Welcome back to the AI Daily Brief Headlines Edition, all the daily AI news you need in around five minutes. Last week, one of the big stories was that legendary Apple designer Johnny Ive was joining Sam Altman at OpenAI with an eye to creating a next generation device for the AI era.

Since then, there has been basically non-stop speculation around what the device would actually be. Much of the speculation revolved around the idea of a pendant that would iterate on previous AI devices. Some even thought that Johnny's thick-trimmed glasses for the video were an Easter egg featuring the device hiding in plain sight. Well, OpenAI staff were given a sneak peek of the designed device at a Wednesday meeting. After reviewing a recording of the meeting, the Wall Street Journal wrote, Altman and I have offered a few hints at the secret project they've been working on.

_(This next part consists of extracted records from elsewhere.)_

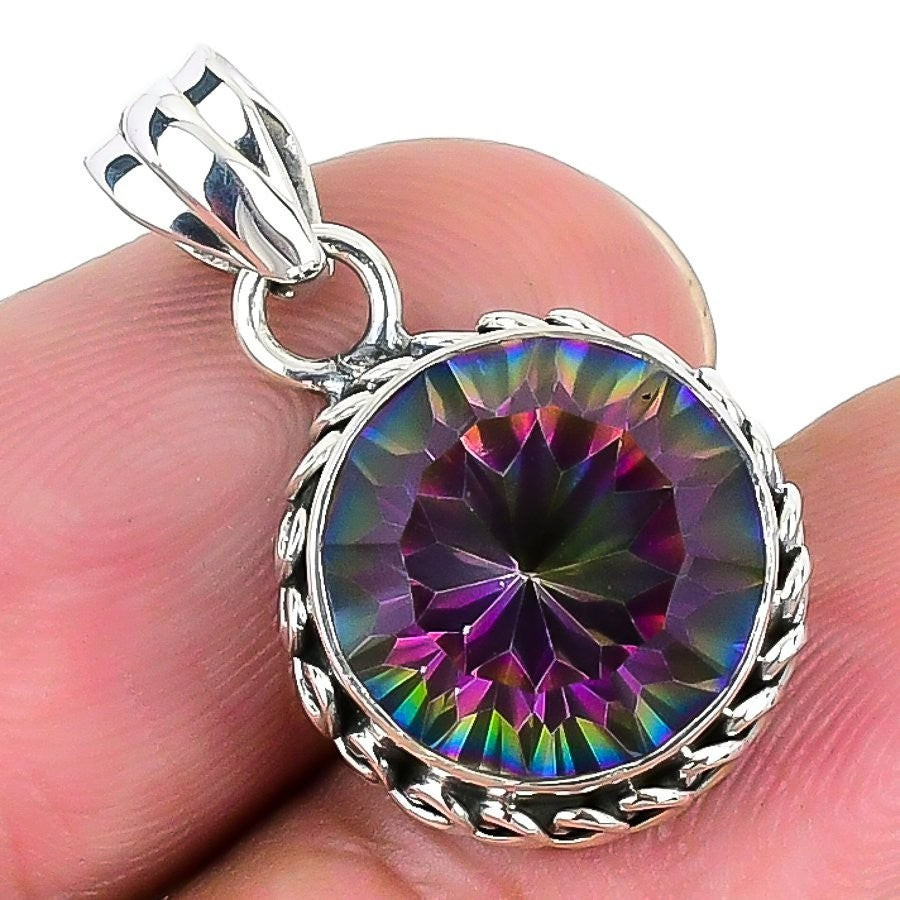 Daughters Day Sale Rainbow Mystic Topaz Stone Sister Bezel Pendant Solid Silver
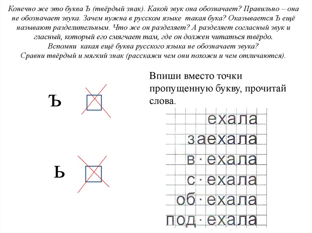 Сравни твёрдый и мягкий знак (расскажи чем они похожи и чем отличаются).
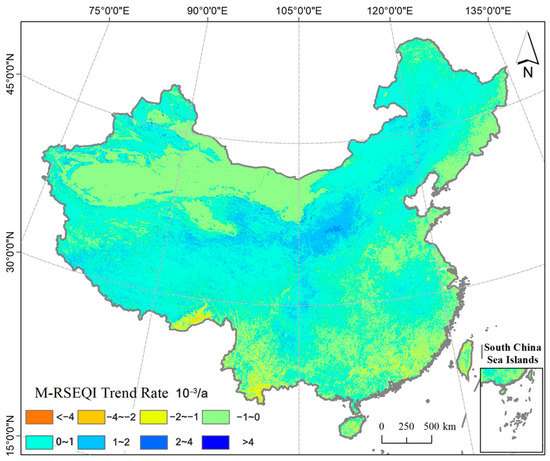 Among the 35 provinces in China, including municipalities directly under the Central Government and Taiwan Province, 17 provinces displayed an increasing trend in the M-RSEQI, while 18 provinces exhibited a decreasing trend. Notably, the Ningxia Hui Autonomous Region had the fastest increasing speed (slope = 0.99 × 10−3a−1), whereas the Hong Kong Special Administrative Region had the fastest decreasing speed (slope = −0.74 × 10−3a−1). At the national level, the M-RSEQI showed a gradual improvement trend, albeit at a slow pace (slope = 0.18 × 10−3a−1).

The product will be capable of being fully aware of a user's surroundings and will be unobtrusive, able to rest in one's pocket or on one's desk, and will be a third-core device a person would put on their desk after a MacBook Pro and an iPhone. Altman reinforced that this is one of the company's largest bets, telling employees that they have, quote, the chance to do the biggest thing we've ever done as a company here. Altman wants to ship 100 million of the AI companions, his word.

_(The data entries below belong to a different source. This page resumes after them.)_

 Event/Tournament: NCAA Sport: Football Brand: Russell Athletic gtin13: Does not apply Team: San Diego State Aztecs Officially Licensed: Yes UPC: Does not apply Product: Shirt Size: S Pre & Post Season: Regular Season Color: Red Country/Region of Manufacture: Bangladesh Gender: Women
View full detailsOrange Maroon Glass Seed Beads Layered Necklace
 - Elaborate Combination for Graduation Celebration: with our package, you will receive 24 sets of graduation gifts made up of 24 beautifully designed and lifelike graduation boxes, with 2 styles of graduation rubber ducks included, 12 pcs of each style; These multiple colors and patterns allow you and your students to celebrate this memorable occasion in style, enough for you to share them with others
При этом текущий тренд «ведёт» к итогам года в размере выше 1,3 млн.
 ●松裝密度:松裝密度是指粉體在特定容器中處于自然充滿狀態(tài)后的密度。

and also suggested that the $6.5 billion acquisition of the design studio had the potential to add a trillion dollars in value to OpenAI. As for the form factor, Altman said the device won't be a pair of glasses, adding that I've had been skeptical about building something to be worn on the body. The lack of wearability would sidestep one of the early criticisms of the device. Many pointed out they're not quite ready for a world where every single person is wearing an AI device at all times. Still, Altman is banking on this device being the next big thing.

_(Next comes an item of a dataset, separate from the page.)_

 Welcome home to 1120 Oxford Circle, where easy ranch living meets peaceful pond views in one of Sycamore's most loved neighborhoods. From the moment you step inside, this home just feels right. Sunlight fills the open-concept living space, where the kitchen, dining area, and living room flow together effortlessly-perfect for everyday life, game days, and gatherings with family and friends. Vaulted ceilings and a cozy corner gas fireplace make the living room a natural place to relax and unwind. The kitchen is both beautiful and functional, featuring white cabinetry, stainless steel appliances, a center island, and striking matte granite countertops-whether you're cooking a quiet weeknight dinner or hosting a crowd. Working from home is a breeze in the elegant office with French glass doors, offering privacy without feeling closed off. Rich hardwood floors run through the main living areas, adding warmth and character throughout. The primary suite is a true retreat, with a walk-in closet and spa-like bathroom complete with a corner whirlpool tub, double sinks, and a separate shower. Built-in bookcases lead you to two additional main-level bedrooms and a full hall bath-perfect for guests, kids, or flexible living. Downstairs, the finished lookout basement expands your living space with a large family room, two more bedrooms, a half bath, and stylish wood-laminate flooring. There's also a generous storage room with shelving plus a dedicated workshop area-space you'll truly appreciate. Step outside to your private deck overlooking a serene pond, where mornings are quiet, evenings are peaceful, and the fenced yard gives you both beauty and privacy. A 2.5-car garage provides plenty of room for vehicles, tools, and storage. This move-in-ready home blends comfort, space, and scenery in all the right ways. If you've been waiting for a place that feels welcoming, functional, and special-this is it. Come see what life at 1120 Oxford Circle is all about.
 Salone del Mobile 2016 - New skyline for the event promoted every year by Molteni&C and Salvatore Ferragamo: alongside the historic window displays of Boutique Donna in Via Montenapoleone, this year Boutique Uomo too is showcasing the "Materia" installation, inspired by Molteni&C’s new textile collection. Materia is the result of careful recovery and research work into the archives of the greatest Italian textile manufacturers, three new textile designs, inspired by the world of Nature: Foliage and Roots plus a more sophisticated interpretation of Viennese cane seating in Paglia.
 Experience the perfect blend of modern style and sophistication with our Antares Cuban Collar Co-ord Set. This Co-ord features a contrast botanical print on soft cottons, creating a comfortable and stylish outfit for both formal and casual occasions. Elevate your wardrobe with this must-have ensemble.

He said, we're not going to ship 100 million devices literally on day one, but he expressed a belief that OpenAI could ship, quote, faster than any company has ever shipped 100 million of something new before. Altman told staff that secrecy is going to be key to ensure the device can get to market before rivals can copy it. And the recording being leaked to the Wall Street Journal raises some pretty big questions about trust at the company and how much Altman will be willing to share at a future all-hands. For now, the big takeaway is that it does not look as though we're going to get humane AI pin 2.0.

Speaking of OpenAI, the company has upgraded their operator agent to use O3. Until now, the web browsing agent has been driven by GPT-4.0, but user preference testing showed that operator O3 had better style, comprehensiveness, and clarity. Users also preferred the upgrade for instruction following, which of course is extremely important when you're letting an agent take over for web-based tasks. Operator O3 also has increased safety.

OpenAI claims it's less likely to perform illicit activities, search for personal data, or suffer from a prompt injection attack while browsing the web. OpenAI writes, O3 Operator uses the same multi-layered approach to safety that we use for the 4.0 version of Operator. Compared with other models in the O3 family, O3 Operator was fine-tuned with additional safety data for computer use, including safety datasets designed to teach the models our decision boundaries on confirmations and refusals.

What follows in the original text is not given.